Fibromyalgia Basics

Muscle Fatigue, Stiffness & Exercise

Do you feel like your muscles just don’t have the endurance and strength to get through the day? Admittedly, your profound sense of exhaustion could be partly due to changes in the brain. But you can’t ignore your muscles as a source of fatigue because overworking them makes your symptoms escalate.

Morning stiffness is another common symptom that can’t be brushed off as a problem with the brain. How could you wake up each morning feeling like roadkill?  When the brain is asleep, the body rejuvenates. With fibromyalgia, you wake up feeling at least 10 years older.
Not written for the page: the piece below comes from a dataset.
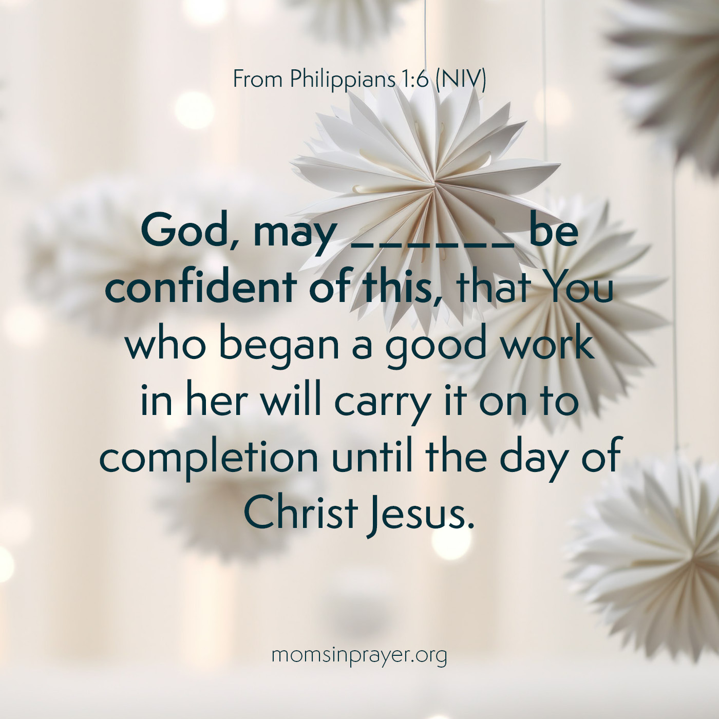 God, may _______ be confident of this, that You who began a good work in her will carry it on to completion until the day of Christ Jesus. From Philippians 1:6 (NIV)

Morning stretches reduce stiffness and muscle cramps, but each day starts anew. The moment you open your eyes, you are greeted by a body that is tight as shoe-leather and feels like it was a punching bag all night. You probably have a fitness program too, but if you stop it, your body forgets how to move (it’s like fibrofog of the muscles). What could be causing so many roadblocks?

Working Triggers

Fibromyalgia patients have an average of 12 to 15 active myofascial trigger points (MTPs) in which the muscle fibers are bunched together like knots.¹ In another dozen muscles, people with fibromyalgia have latent MTPs that are smaller than the active ones but they have not yet evolved into serious pain generators. Could all of these MTPs contribute to why your muscles get tuckered out so easily?

The relationship between accelerated muscle fatigue and MTPs was investigated by Hong-You Ge, M.D., Ph.D., and his team in Denmark.² He used healthy, young subjects with just one latent MTP in the upper trapezius (the triangular muscle on each side that covers your shoulder blades). If a single latent MTP alters trapezius muscle performance in fit people, it may explain why your MTP-loaded body gets exhausted easily.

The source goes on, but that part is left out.